October 10, 2024
A male patient presented with acute quadriplegia caused by compartment syndrome and its resulting hyperkalemia.
A 48-year-old man presented with quadriplegia following a seemingly minor knee injury three days prior. He reported spending most of the intervening time recuperating on his couch. On the day of presentation, he awoke with quadriplegia.
Investigation revealed acute renal failure, rhabdomyolysis, and hyperkalemia, which explained his paralysis. A thorough physical examination identified the culprit: acute compartment syndrome in his right calf, likely due to prolonged immobility after the knee injury.
He received emergent treatment for hyperkalemia and underwent a right calf four-compartment fasciotomy. Subsequently, his kidney function recovered fully, and he regained good amulatory function in the affected leg.
Acute compartment syndrome is a common surgical emergency treated with decompressive fasciotomy. This case report reinforces the critical role of a thorough physical examination in timely diagnosis, even when faced with atypical presentations.
acute compartment syndrome; hyperkalemia; fasciotomy; rhabdomyolysis
Acute compartment syndrome (ACS) is a surgical emergency characterized by increased pressure within a non-expandable space, compromising blood flow and leading to tissue ischemia.1 Typically affecting the lower extremities following trauma,1 ACS can also arise from restrictive dressings, circumferential burns with eschar formation, or prolonged pressure.2 Diagnosis of ACS hinges on clinical evaluation through history and physical examination; imaging is not routinely required.1,2 This case report presents an uncommon instance of ACS developing in a patient following a minor knee injury.
A 48-year-old man with a history of hypertension presented to the emergency department with quadriplegia. Three days prior, he fell on his right knee while playing football and experienced significant pain, managed conservatively with rest and unspecified pain medications. He became progressively immobile and, on the third day, woke up with paralysis of his arms and legs, prompting his visit.
Examination revealed normal vital signs except for hypertension (170/100 mmHg). He had cervical spine tenderness on palpation without deformity. All four limbs showed complete paralysis (0/5 strength) with preserved sensation. His right calf was tense, tender, and painful with passive ankle dorsiflexion. Dorsalis pedis and posterior tibial pulses in the right foot were diminished.
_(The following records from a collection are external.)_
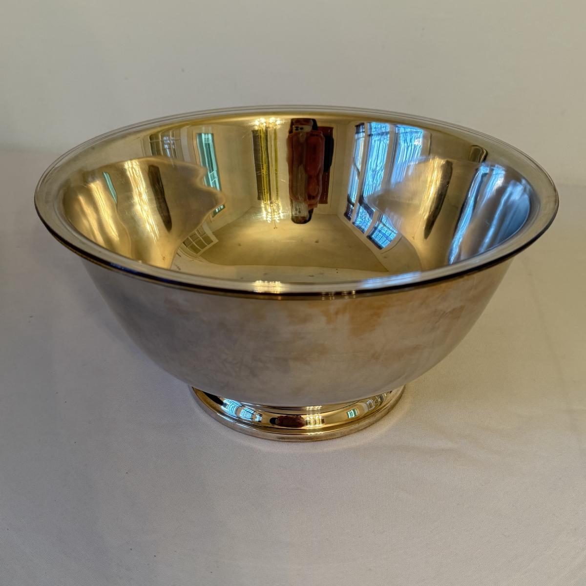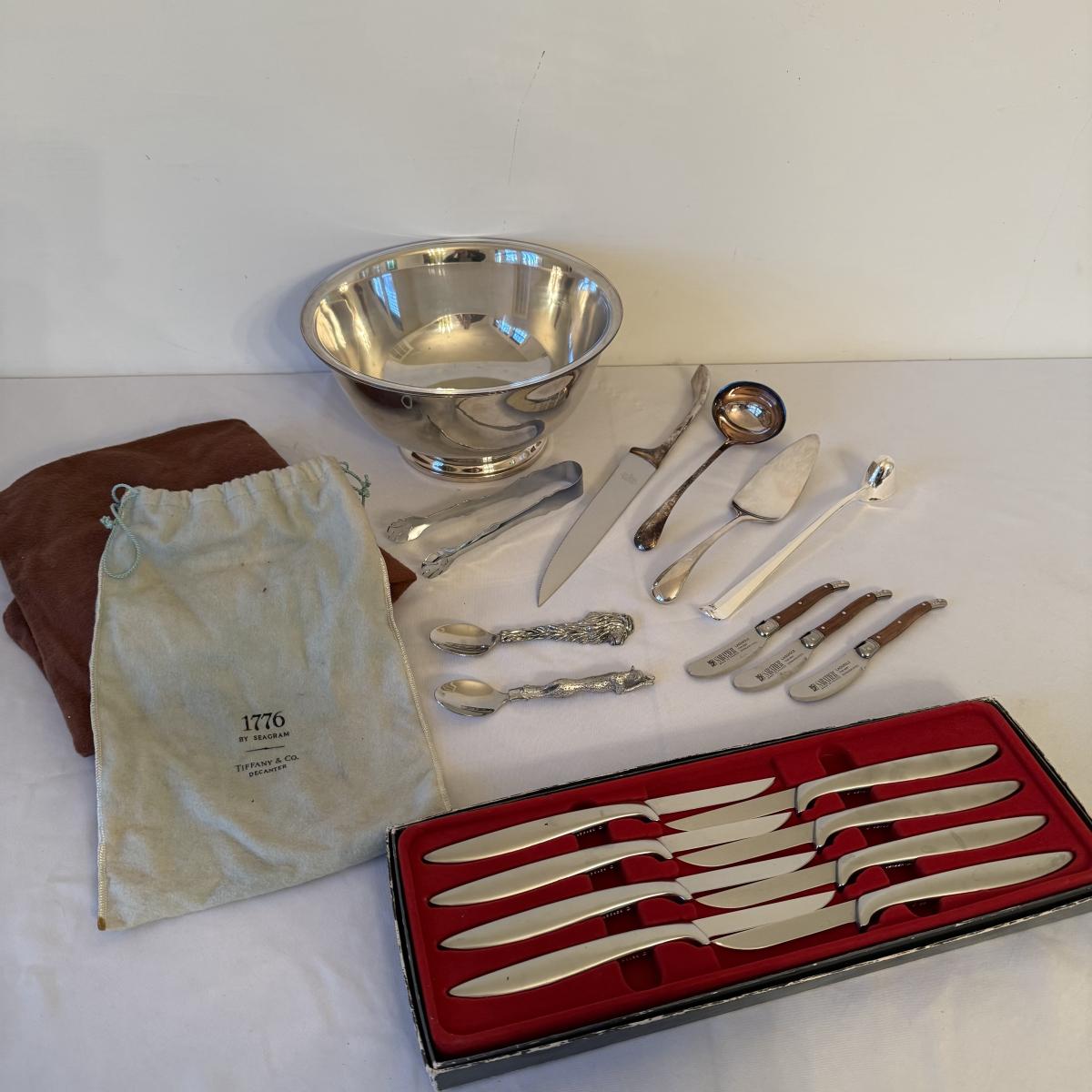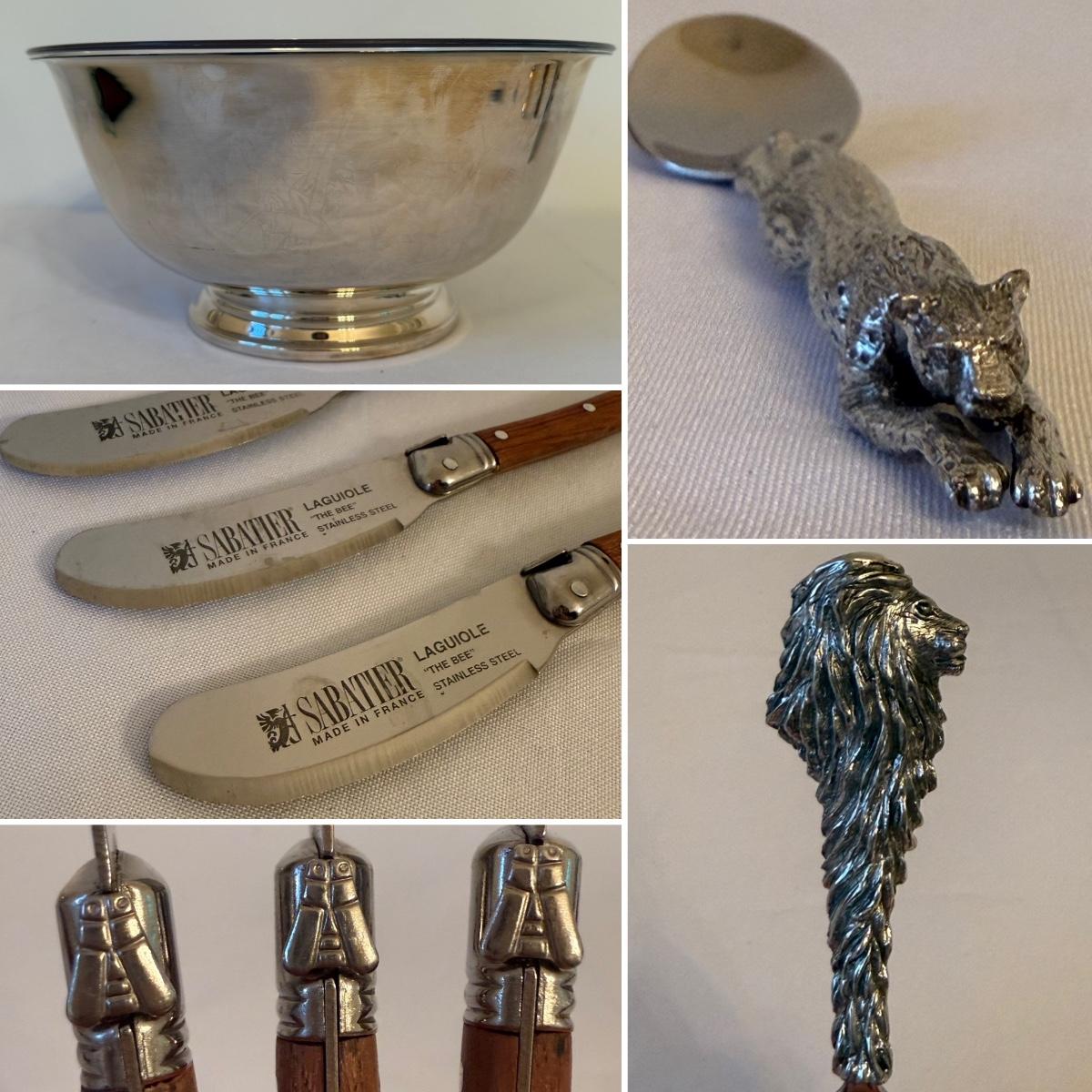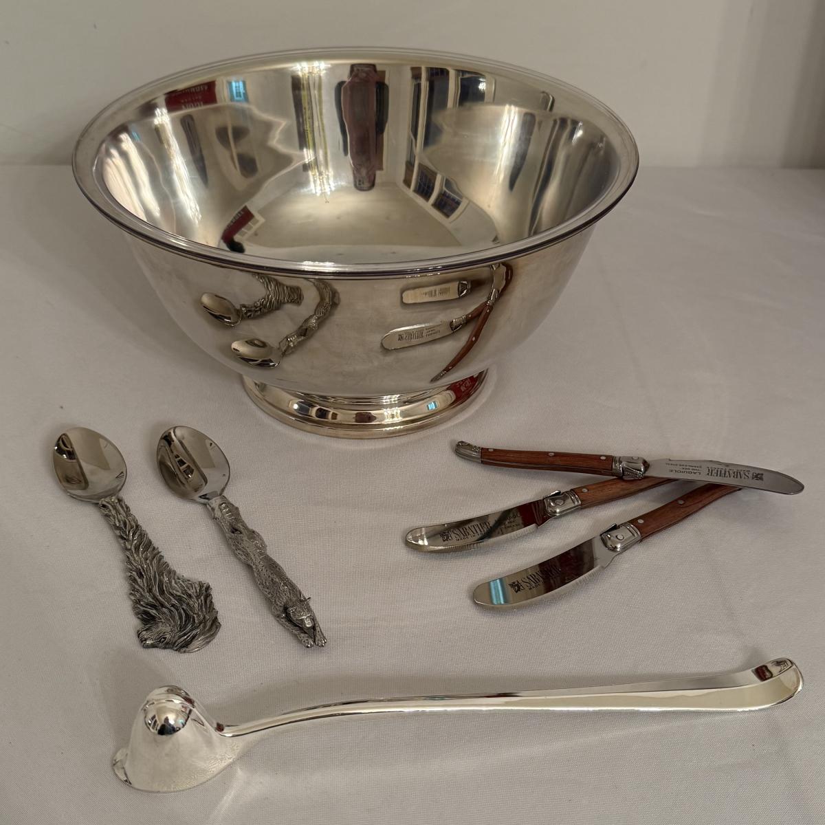 Lot includes a Oneida Paul Revere silverplate bowl, with a box set of Gerber knives, three Dansk serving utensils, three cheese knives, two fun decorative animal spoons and more. Bowl measures 10”D x 5”H. Dansk utensils are a bit tarnished.
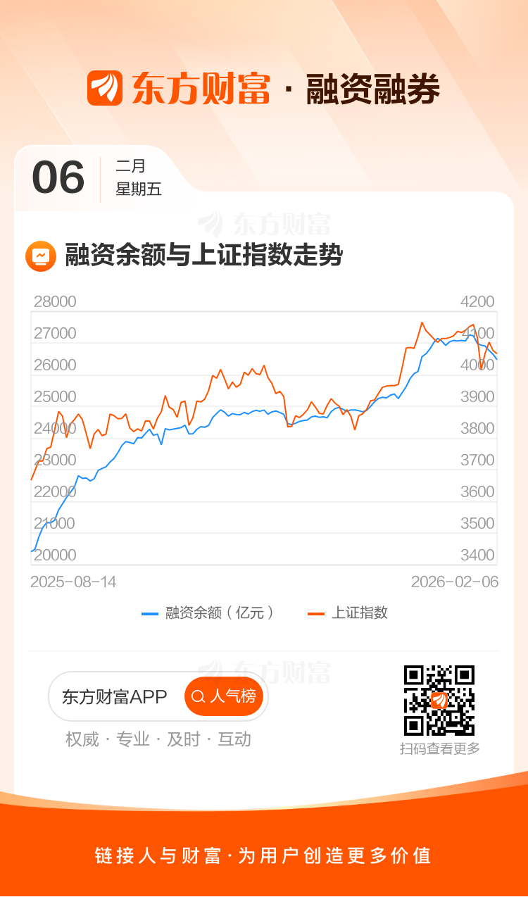 02月06日A股三大指数集体收跌,杠杆资金呈净卖出之势,当天融资余额2.65万亿,较上一交易日减少170.21亿。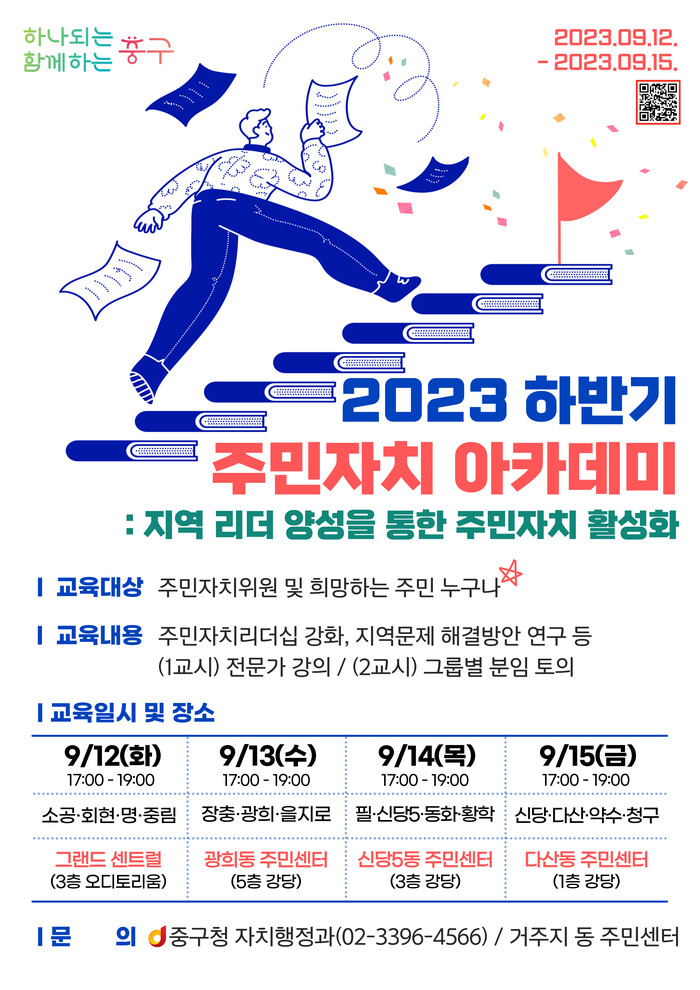 이번 아카데미는 권역별로 3~4개 동씩 나눠 ▲9월12일 회현동 그랜드 센트럴 ▲9월13일 광희동 주민센터 ▲9월14일 신당5동 주민센터 ▲9월15일 다산동 주민센터에서 찾아가는 교육으로 진행된다.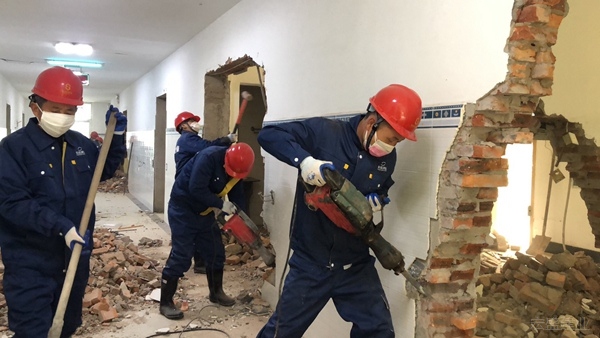 1月27日,大年初三早上8时整,一支由宏盛建业60多名专业管理和施工人员组成的施工队伍,准时到达上饶市第二人民医院,全面展开拆建施工。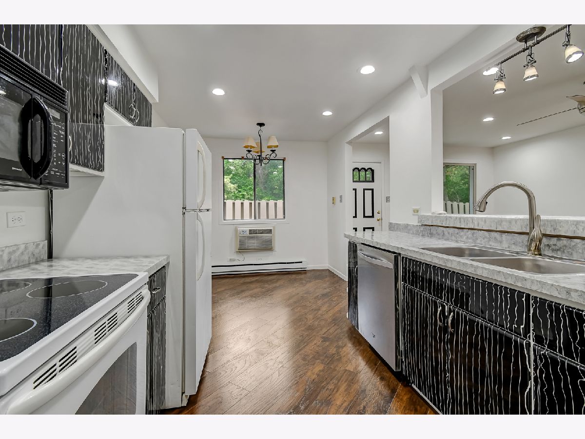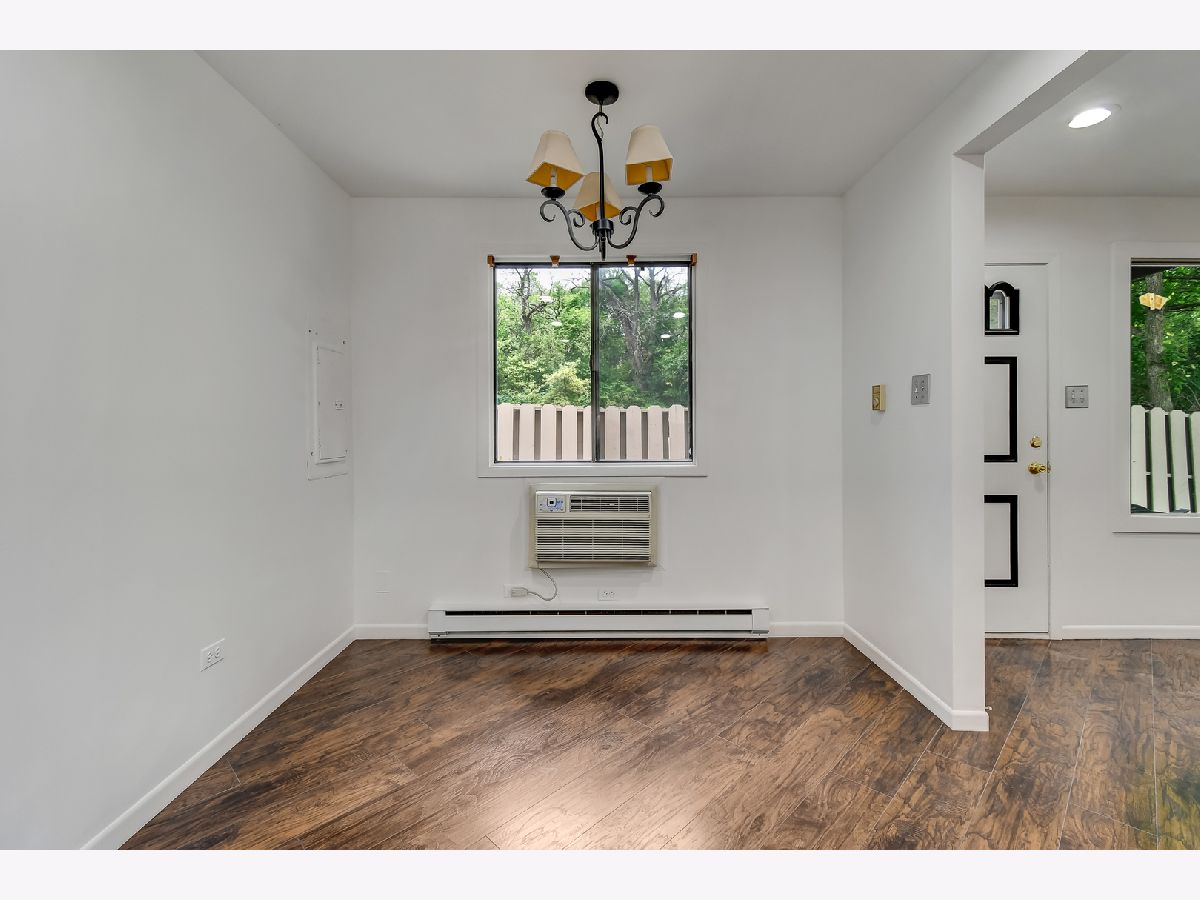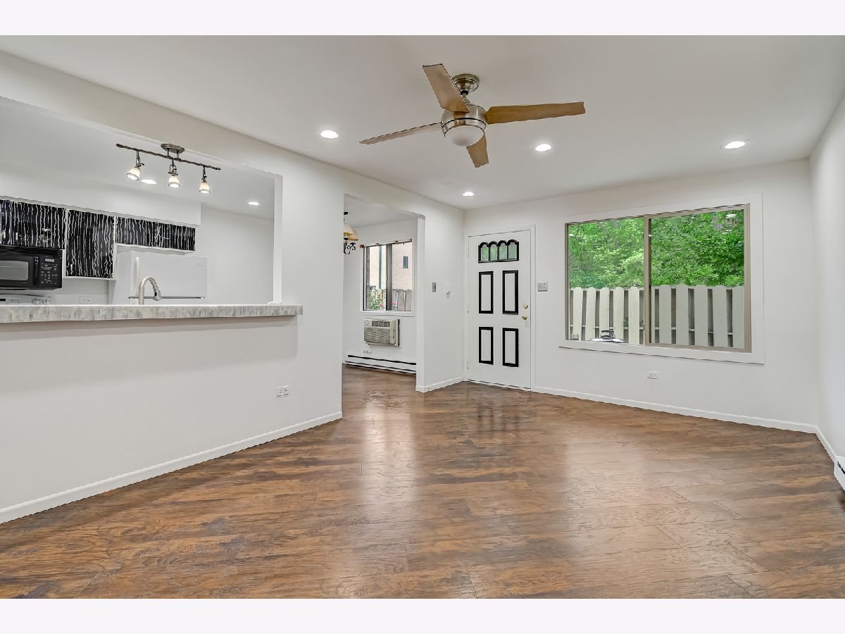 Freshly & extensively remodeled two story 2 bed/1.1 bath end unit townhome located w/all current neutral colors in amazing quiet location at the edge of a Paw Paw Forest Preserve! Features spacious living/dining rooms with wood laminate flooring, eat-in, updated, fully applianced kitchen. Unit is highly energy efficient w/an insulated attic, water efficient faucets/toilets & energy efficient LED lights throughout. Second floor features two large bedrooms w/wood laminate flooring, ceiling fans, updated bathroom. Primary bedroom w/two closets & sliding glass doors leading to a balcony. Ample storage & closet space, tons of usable attic storage space w/plenty of shelving & cabinets, full flooring throughout. Patio w/space for a grill, 2 parking spaces, low HOA fee, FHA approved. Great location away from the city life, yet less than 30 minutes to the city of Chicago. Major interstates I-55 & I-294 are minutes away. Near by shopping, groceries, Metra station, surrounded by nature, many bike, hiking trails & lakes. Absolutely darling!

Imaging studies were performed to investigate the cause of his paralysis and right leg symptoms. A cervical spine CT scan was obtained to assess for potential fractures due to tenderness and paralysis. Additionally, a CT angiogram of his bilateral lower extremities was performed to evaluate for occult fractures or arterial injury contributing to suspected right calf compartment syndrome (Figure 1). The initial electrocardiogram (ECG) is shown in Figure 2.
Figure 1. Bilateral Lower Extremity CT Angiography. Published with Permission
Figure 2. Initial Electrocardiogram
The ECG findings suggested severe hyperkalemia (widened QRS complex and peaked T-waves), which was confirmed by a laboratory potassium level of 8.1 mmol/L. Additionally, laboratory workup revealed rhabdomyolysis (creatine kinase 207,584 U/L) and acute kidney injury (creatinine 19.4 mg/dL).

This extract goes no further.